International Offshore Bonds

With every fall in the bank rate, the attractions of the international bond market get bigger. When the Fed cut the US bank rate by 0.5 per cent in late December, the markets responded with an almost-instant drop of 0.35 per cent in the bond yield - which is another way of saying that bond prices rose sharply around the world.

Indeed, the average ten-year bond investor saw the capital value of his investment rise by around 7 per cent in a single day (because typical yields before the yield cut were around the 5 per cent mark): the only reason that bond yields didn’t drop by the whole 0.5 per cent, as with the bank rate, was that investors were also having to take into account the beneficial effects that the rate cut would have on their equity portfolios, which were also competing with bonds.

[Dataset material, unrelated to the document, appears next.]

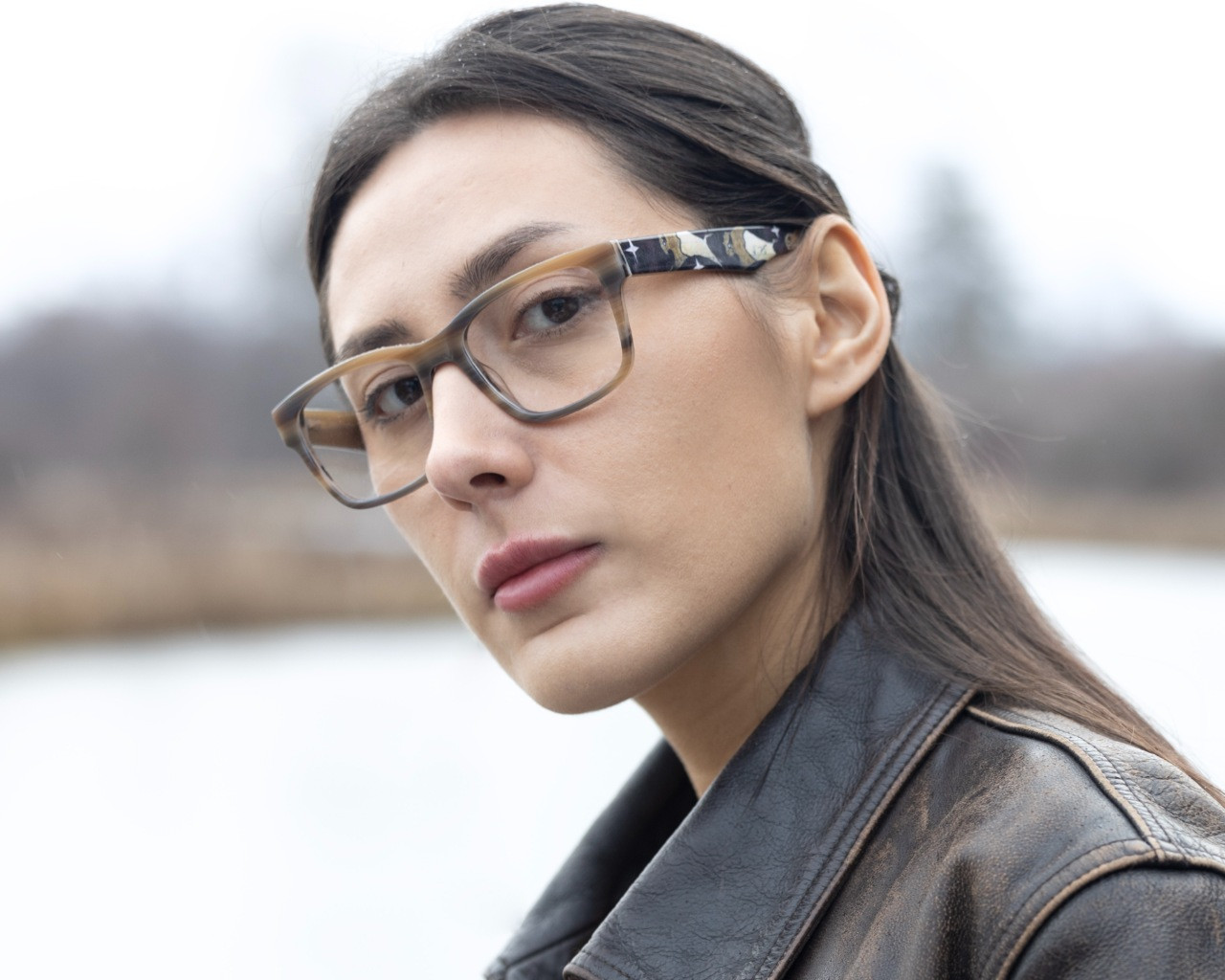 Ledger – a bold eyewear style crafted from high-quality custom acetate inspired by buffalo horn materials with spring hinges for ultimate comfort and durability.
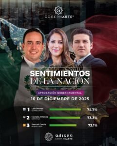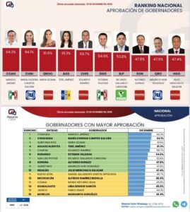 Saltillo, Coahuila.- El gobernador de Coahuila, Manolo Jimรฉnez Salinas, cierra 2025 como uno de los mejor evaluados entre los gobernadores y gobernadoras del paรญs, segรบn los rรกnkings publicados por diversas casas encuestadoras nacionales.

International Offshore Bonds - Equities Win Hands Down

If you’re confused by all this, all you really need to remember is that bonds are continually forced to compete with equities and with bank deposits - and that, under normal circumstances, equities win hands down. The time when bonds come into their own is when people are feeling fearful about equities - because owning a bond gives you the indestructible knowledge that you’ve locked yourself into a guaranteed rate of interest (the bid yield) until the day the bond eventually expires. That thought counts for a lot when you’re feeling unsure of yourself.

International Offshore Bonds - Enough Evidence

But oddly, there isn’t enough evidence yet that investors are turning to bonds, either in the US or elsewhere. Indeed, bond yields have actually risen fractionally since December, even though the equity markets have been stalled. That’s a puzzle which we don’t have all the answers to at the moment, but it seems that US investors are holding back because they still want to believe in the equity revival.

They might be right, they might be wrong; maybe it’s better to wait on events for a while. But, if there’s the slightest indication that the US is getting into real trouble this year, getting some of your money into bonds as soon as possible might turn out to be one of your better investment decisions.